Sequel's eager loading gives you choice whether to load associations in a
separate query with eager or use a join with eager_graph.  Using eager is
recommended.  If your association uses a different database, you must use eager,
if your order or filters use columns in the associated table, you must use
eager_graph.  Both have the same API and can be used simultaneously.  I chose to
use two methods because they do very different things, and to leave the choice
to the user.  Also, Sequel never attempts to parse SQL, so it wouldn't be able
to guess which method was appropriate.

31

Sequel only supports three association types natively, but you can support any
other association type using the :dataset option, which takes a proc that is
instance evaled.  The has many through has many association just uses a filtered
eager graphed dataset.  The has many through belongs to isn't shown here because
it is handled by the built in many to many association.  You can also create
much more complex associations, such as joining on any of multiple keys through
a third table.  That is not a hypothetical example made purposely difficult, I
use it in one of my apps.

AR can actually handle that associations using custom SQL.  However,

32

it can't eager load it.  Sequel supports eager loading of custom associations
using the eager loader option.  This option takes a proc that accepts a key
hash, an array of current objects, and the dependent associations to eagerly
load.  The key hash is an optimization.  It's a hash of hashes, with keys being
columns.  The subhashes have column value keys with values being an array of
related objects.  Let me break down how this works.  First, you get the subhash
for the primary key and set the cached invoices for all given firms to the empty
array.  You then get all invoices for all clients of all the firms being eagerly
loaded, using the keys of the subhash.  For each invoice, you get the value in
the subhash for the invoice's client's firm_id foreign key, and you add the
invoice to the firm.

This feature is powerful enough to load any association that can be eagerly
loaded.

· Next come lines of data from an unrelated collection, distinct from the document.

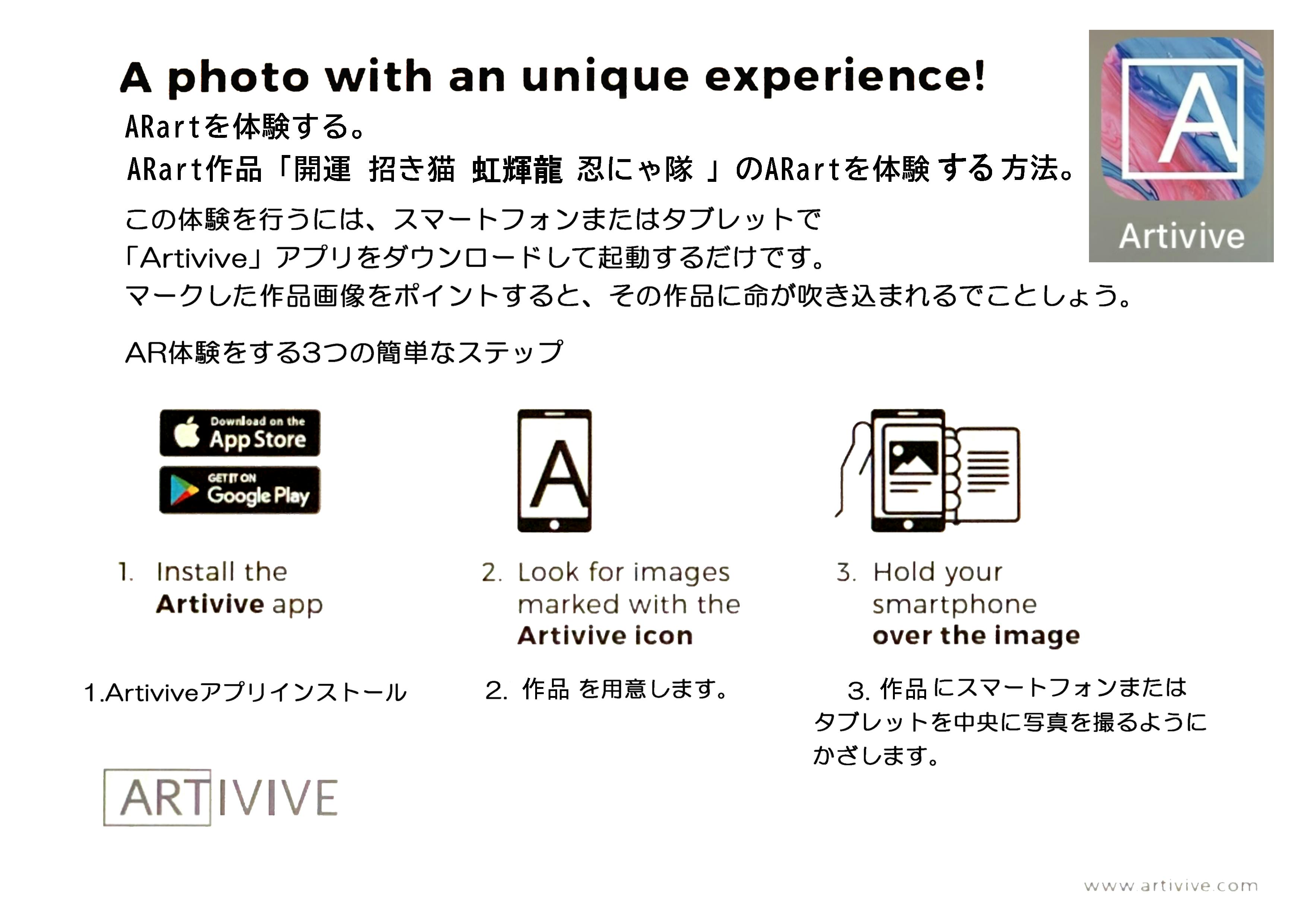 ※ ARアートをスマホやタブレット端末で体験するにはARアプリ「ARTIVIVE」をダウンロードする必要があります。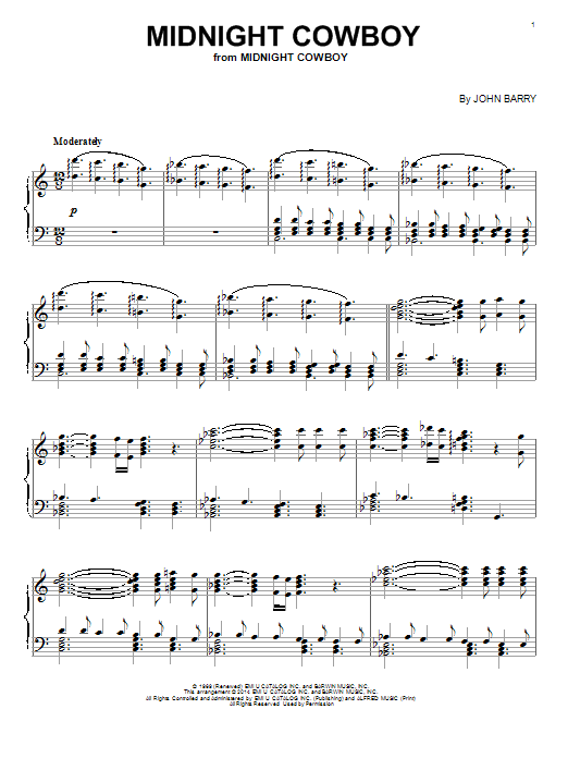 Download or print John Barry Midnight Cowboy sheet music, chords and digital score arranged for Piano Solo. This Film/TV score includes 2 page(s).
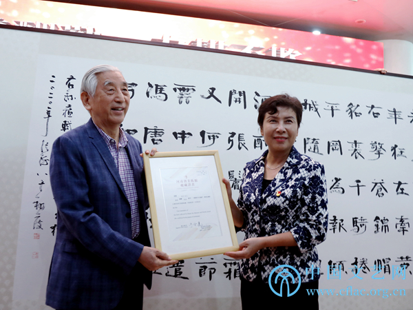 8月30日,“天道酬勤 力耕不欺 ——张海八十初度新作展”在河南郑州开幕,图为张海向河南省美术馆捐赠作品,河南省文旅厅厅长宋丽萍接受作品并为张海颁发收藏证书。中国文艺网 韩雪竹摄 本次展览共展出张海新作80余幅,作品涵盖篆、隶、楷、行草诸体,风格多样,取法不一。张海篆书追秦汉古韵,意到便成;隶书旁参汉简,兼收并蓄;楷书钟情于《张猛龙碑》,刚健有力;行草书清逸脱略,简练大方。 8月30日,“天道酬勤 力耕不欺 ——张海八十初度新作展”在河南郑州开幕,图为与会领导嘉宾参观展览。中国文艺网 韩雪竹摄 8月30日,“天道酬勤 力耕不欺 ——张海八十初度新作展”在河南郑州开幕,图为展览现场。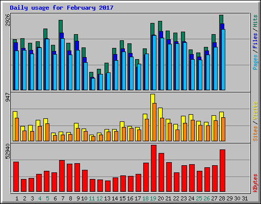 | Day | Hits | Files | Pages | Visits | Sites | KBytes | ||||||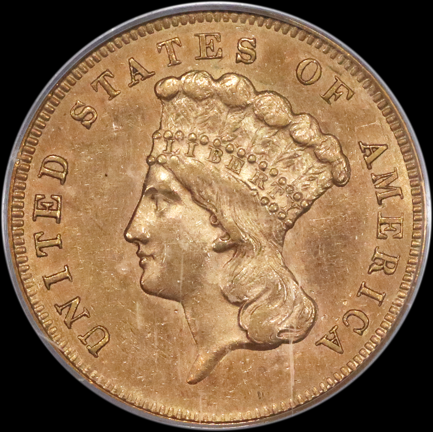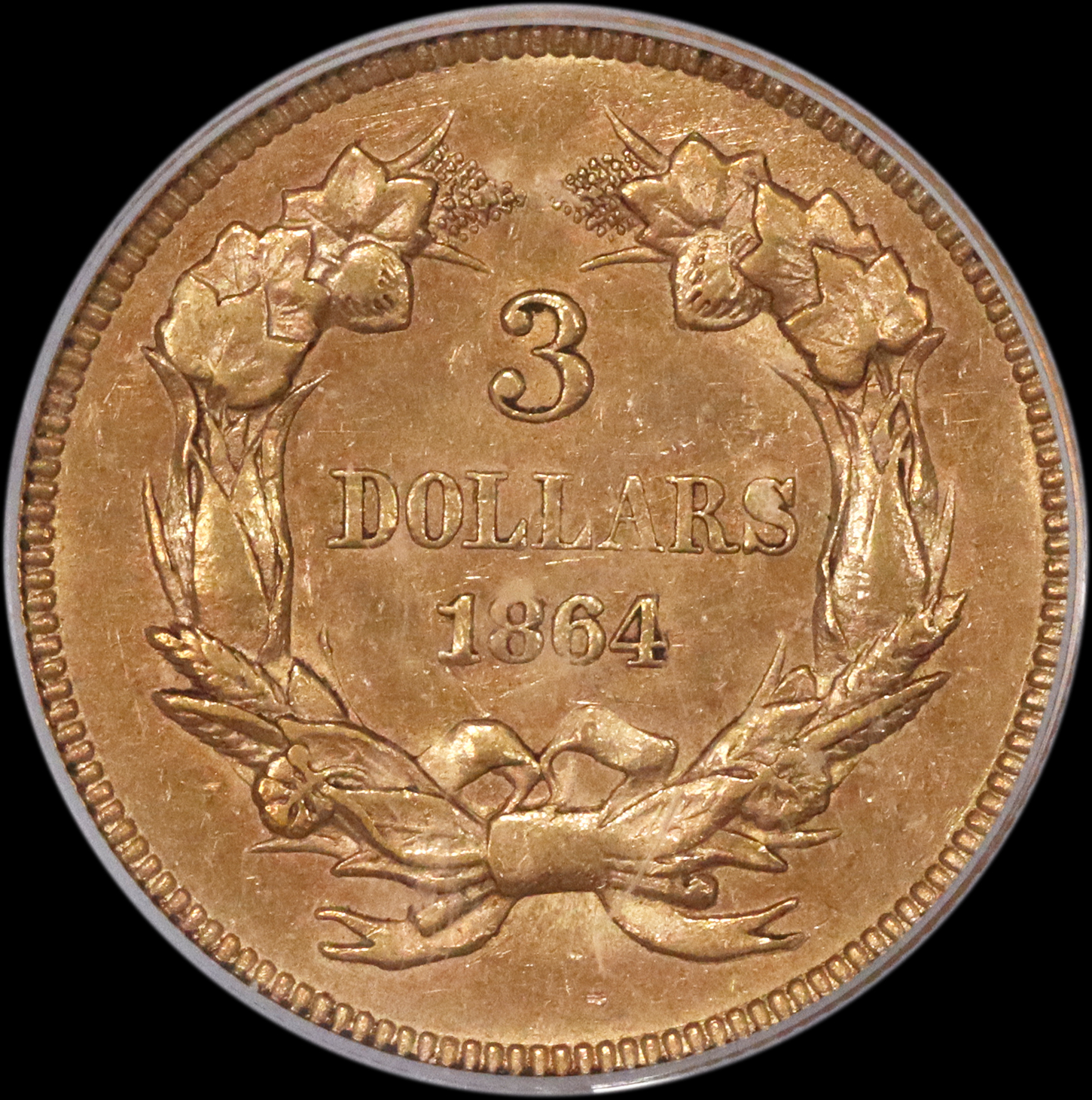 1864 $3 Gold PCGS AU55 (CAC) A SUPERB GEM AU!

An eager_grapher option is also available to allow you to set custom
joins when eager graphing.

33

Sequel doesn't support polymorphic associations because I think they are a bad
idea.  Their only purpose is to reduce the number of tables, which is a solution
to a non-problem.  An association between two separate classes should have its
own join table, for the same reason you use separate tables for classes even if
they have the same schema.  Polymorphic associations are more complex and they
break referential integrity.  If you must use them, there is a Sequel plugin
that handles them.

34

That plugin just uses the options and techniques I've discussed, no monkey
patching.  Sequel's eager loader is even powerful enough to load all ancestors
and decendants in a tree structure.  It's my belief that Sequel has the most
powerful and flexible associations of any ruby ORM.

35

Sequel currently supports validations similar to AR.  My philosophy is that they
should only be used for nice error messages, not data integrity.  Use database
constraints if you can.  It supports built in validations

36

as well as custom ones you write yourself.

37

Sequel supports most of the same hooks as AR, and the usage is currently
similar.  I prefer database triggers to hooks for data integrity.  However, if
you are targeting multiple databases, using hooks and validations is probably
easier.

38

Sequel's built in pagination support is just a wrapper for limit that adds a few
methods.  It's helpful if you are writing a search engine.  each page yields a
paginated version of the current dataset a page at a time.  If you use an
adapter that buffers all records before yielding, it can be useful to process a
record set that won't fit in memory.

39

Sequel's built in caching supports caching model objects to any object with the
ruby-memcache API.

40

You can use Sequel to create and alter tables.  create table takes a table name
and a block.  You have to explicitly use primary key if you want one.  You can
use the column method or method_missing to create columns.  You can use the
index method to create indexes.  If you use a ruby class as a type, Sequel uses
the most appropriate database type for that class.  If you use a symbol, Sequel
uses it directly.  Sequel encourages the use of database constraints and allows
you to create them with the constraint method.  Sequel encourages the use of
real foreign key references, so foreign key takes a table argument.  You can
also use composite keys if you want.

41

alter table is similar. You can add and drop columns, constraints, and indexes.
Adding foreign and primary keys is easy, and you can use composite keys here
too.  You can also change a column's name, type, or default.

42

Most table altering methods can be called directly on the database object.  You
can also rename and drop tables and create and drop views using database
methods.

43

Generally, the schema methods are called inside migrations.  A migration proxies
most methods to the database that applies it.

44

There is a individual migration API, but it's recommended to use Sequel's
migrator, which deals with a directory of individual migration files.  Sequel's
command line tool uses the migrator with the -m switch, but you can also use the
migrator API.


45

My migration philosophy is that you should usually only make schema changes in a
migration, no data modification unless necessary.  More importantly, keep your
migrations decoupled from your models and environment, otherwise it's likely
that you'll make changes that break old migrations and you won't find out till
later.  The migration files must use integer version numbers, I think
timestamped migrations cause more problems than they solve.

46

Sequel currently supports a DM like way of specifying schemas in your models.  I
think this is a bad idea as it makes migrations difficult.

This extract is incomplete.